In this Friday, April 13, 2018 photo, a Syrian child who was displaced with his family from eastern Ghouta watches from the window of his family's shelter at a shelter in the village of Horjelli in the Damascus countryside, Syria. Thousands of Syrians displaced by the battle for the once-lush suburbs of Damascus now find themselves in a crowded settlement, where for the first time in recent memory they have enough to eat. The community is home to some 18,000 people displaced by the offensive that drove rebels out of eastern Ghouta. On Saturday, the Syrian government announced the capture of Douma, the last rebel stronghold in eastern Ghouta and the site of an alleged chemical attack that prompted a Western missile strike.
AP Photo/Hassan Ammar
Syrians displaced near capital recall years of deprivation
Bassem Mroue (Associated Press) - April 16, 2018 - 1:08am

HORJELLI — Thousands of Syrians displaced by the battle for the once-lush suburbs of Damascus now find themselves in a crowded settlement, where for the first time in recent memory they have enough to eat.

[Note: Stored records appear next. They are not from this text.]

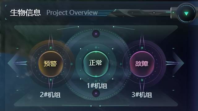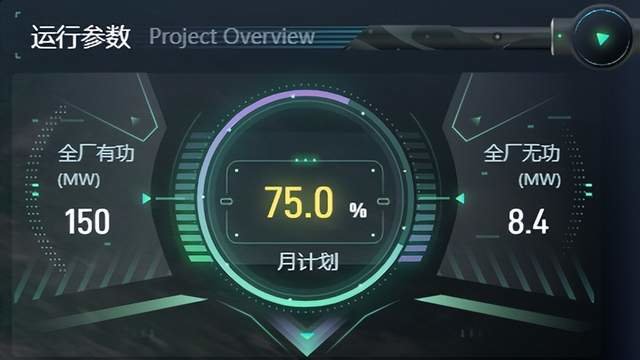 图扑软件采用不同类型的图表形式统计了全厂有功功率、无功功率、日发电计划完成率、月发电计划完成率、日累计发电量、月累计发电量、年累计发电量等数据。利用黄色、绿色、紫色区分预警、正常、故障三种机组状态,及时识别机组是否良好运行。使用全厂有功、全厂无功双曲线的形式,展示了近 12 小时内单个机组的功率波动情况,让电厂实现精细化管理。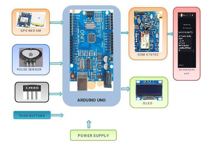 GSMModule(SIM800/SIM900):Sendsemergencyalerts,healthreadings,andGPSlocationtothecontrolroomvia SMS.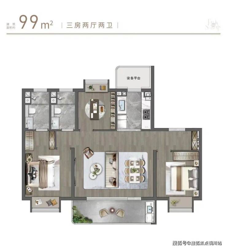 其中建面约99㎡洋房户型相当惊艳,四开间朝南,且为横厅三房两厅两卫设计,给予业主大户型才有的居住体验。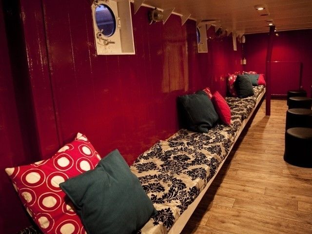 Het schip heeft 1 grote bovenzaal met barfaciliteiten. Beneden in het schip bevindt zich nog een gezellige lounge, waar het heerlijk rustige kletsen is als het feest boven tot zijn hoogtepunt stijgt! Feesten en walking diners tot 100 personen zijn mogelijk. Sitting diners kunnen maximaal tot 45 personen in de grote bovenzaal.

The rows of pre-fabricated shelters are home to some 18,000 people displaced by the offensive that drove rebels out of eastern Ghouta. On Saturday, the Syrian government announced the capture of Douma, the last rebel holdout in eastern Ghouta and the site of an alleged chemical attack that prompted a Western missile strike.

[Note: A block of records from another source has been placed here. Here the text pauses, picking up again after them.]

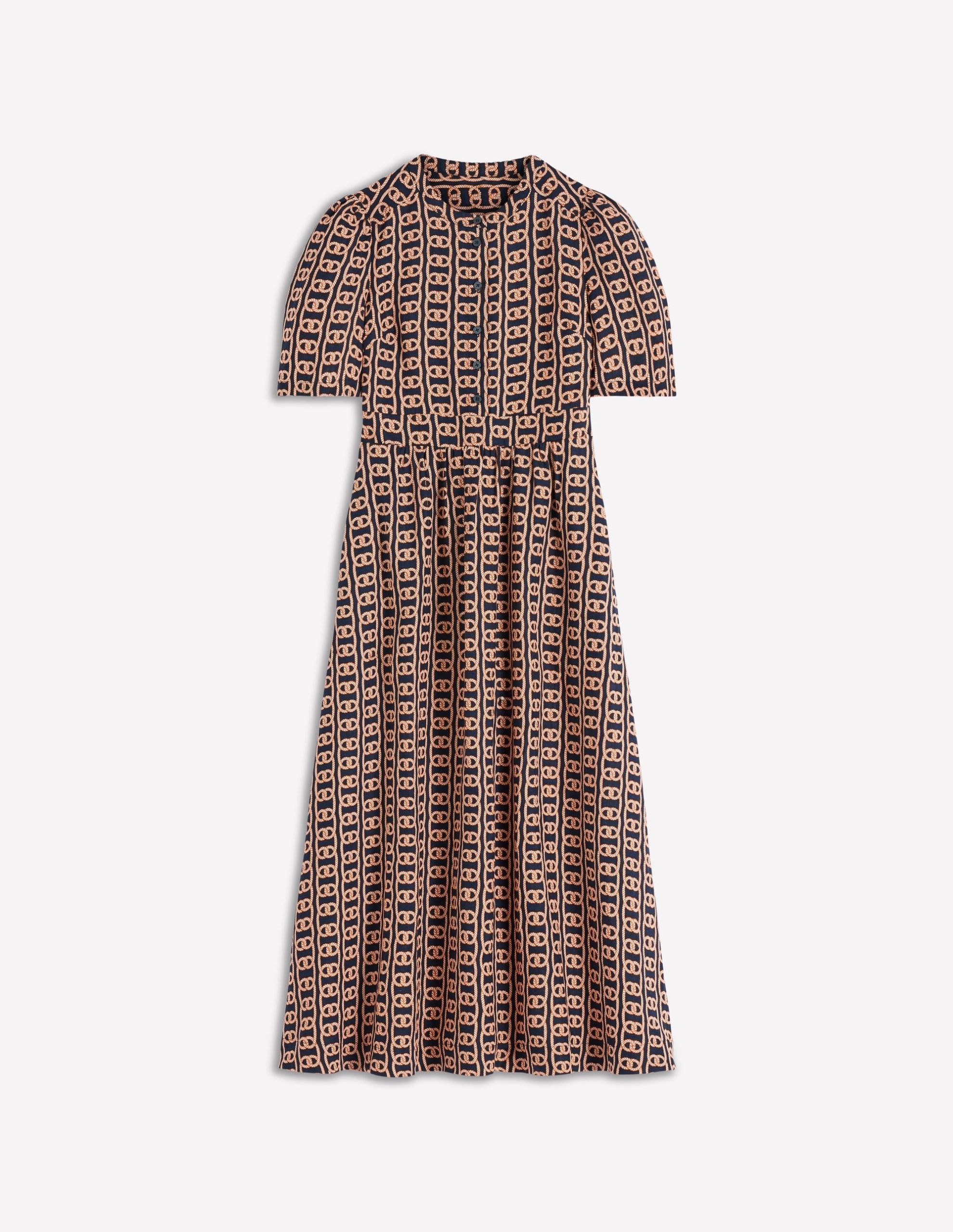 Ivy Linen Midi Dress-French Navy. Rope Trellis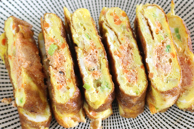 아이도 어른도 좋아해요. 부드럽고 노릇하게 부친 계란을 돌돌 말아낸 그 맛! 별다른 재료 없어도 밥 한 공기 순삭입니다.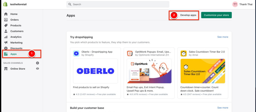 - Inside this window, click on the Develop apps button.

Government forces had laid siege to eastern Ghouta since 2013, and late last year they tightened the noose, causing food prices to soar in the farming region that once served as a breadbasket for the capital. The manipulation of the local market by rebel groups and local businessmen made matters worse. Residents say a day's work would barely bring in enough money for a kilogram (2.2 pounds) of rice or a few pieces of bread.

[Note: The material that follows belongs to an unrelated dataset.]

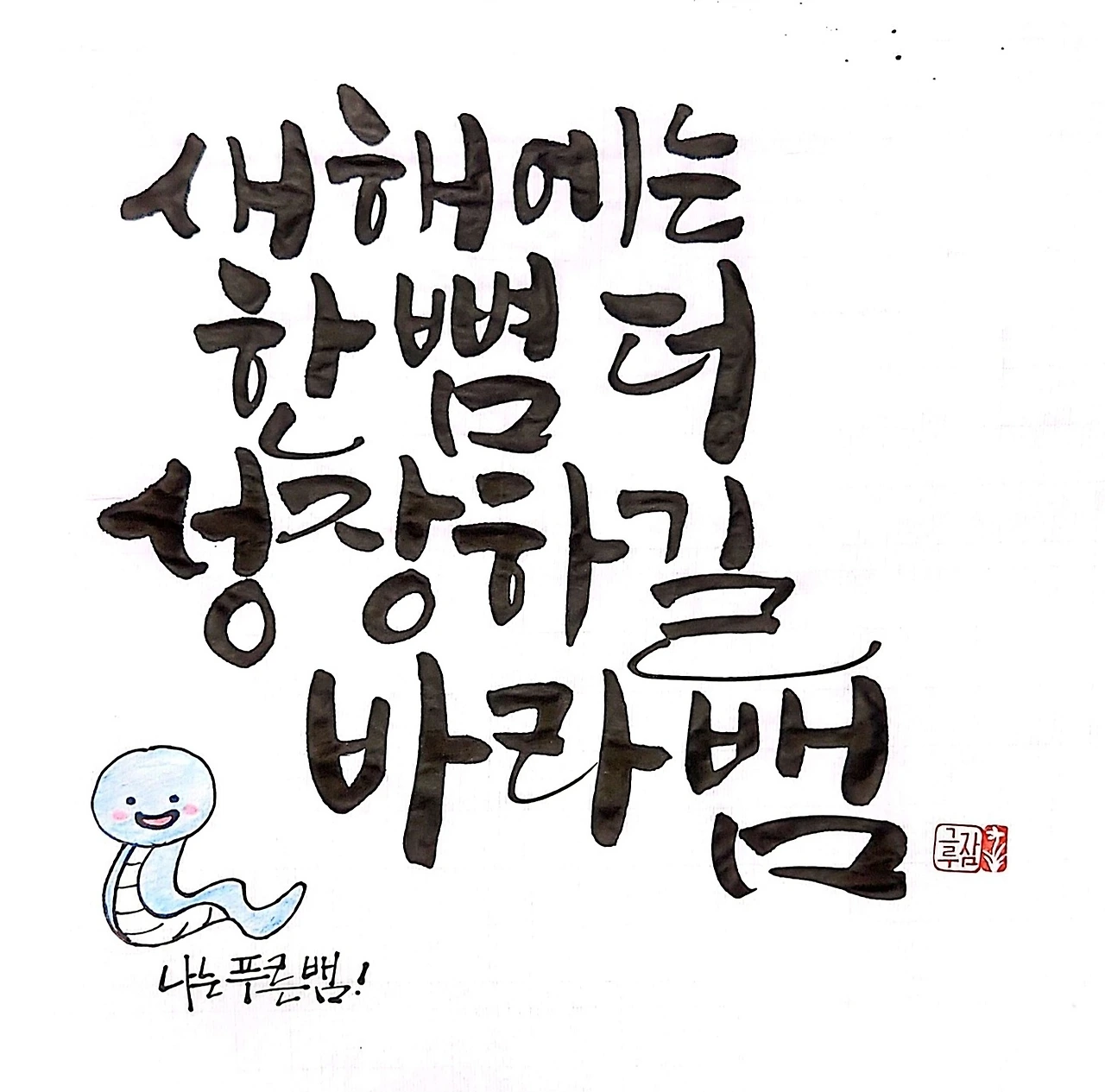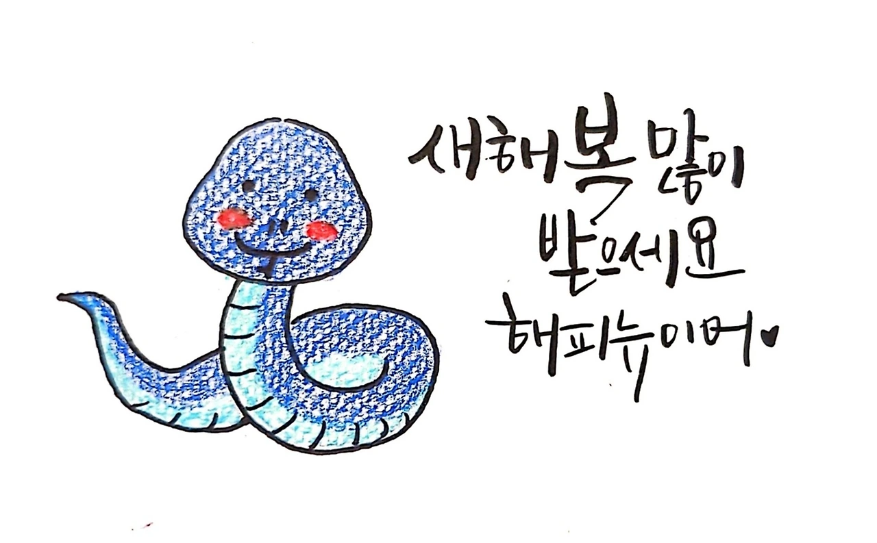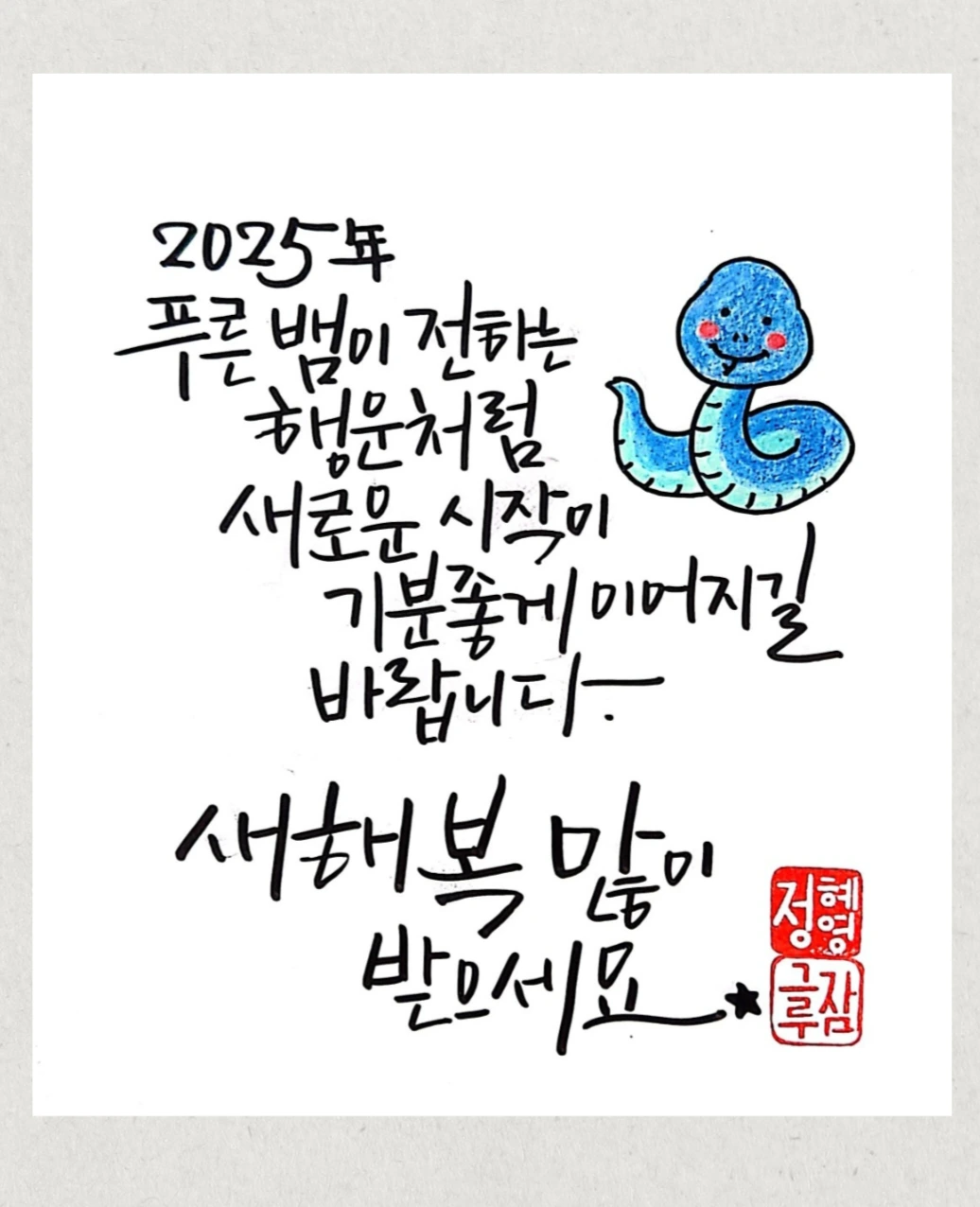 새해 전후로 온라인 캘리 톡방에 올라온 회원들의 새해 인사 캘리들을 훑어보았다. 회원들 중 현직 미술 선생님이신 선홍님께서 '을사년 청뱀'의 해를 맞아 몇 가지 귀여운 뱀 일러스트를 올려 주셔서 간단한 버전을 활용하기로 했다.

Alia Bakkar sold all her belongings so that she and her three children could survive. The 35-year-old widow described how they used to walk by restaurants in their town of Kfar Batna, smelling grilled chicken and beef without being able to afford it. After selling all their belongings and running out of money, the family survived on small amounts of barley bread.

"I sold my wedding ring for 10,000 (Syrian) pounds ($20) in order to feed my children," she said.

They are now living with other displaced people in the cramped settlement in Horjelli, where there are no paved roads and sewage pours into a canal. Mayor Abdul-Rahman al-Khatib said the settlement was originally established to host Syrian refugees returning from neighboring countries. Now it's been filled by the latest wave of displacement in the seven-year-old civil war.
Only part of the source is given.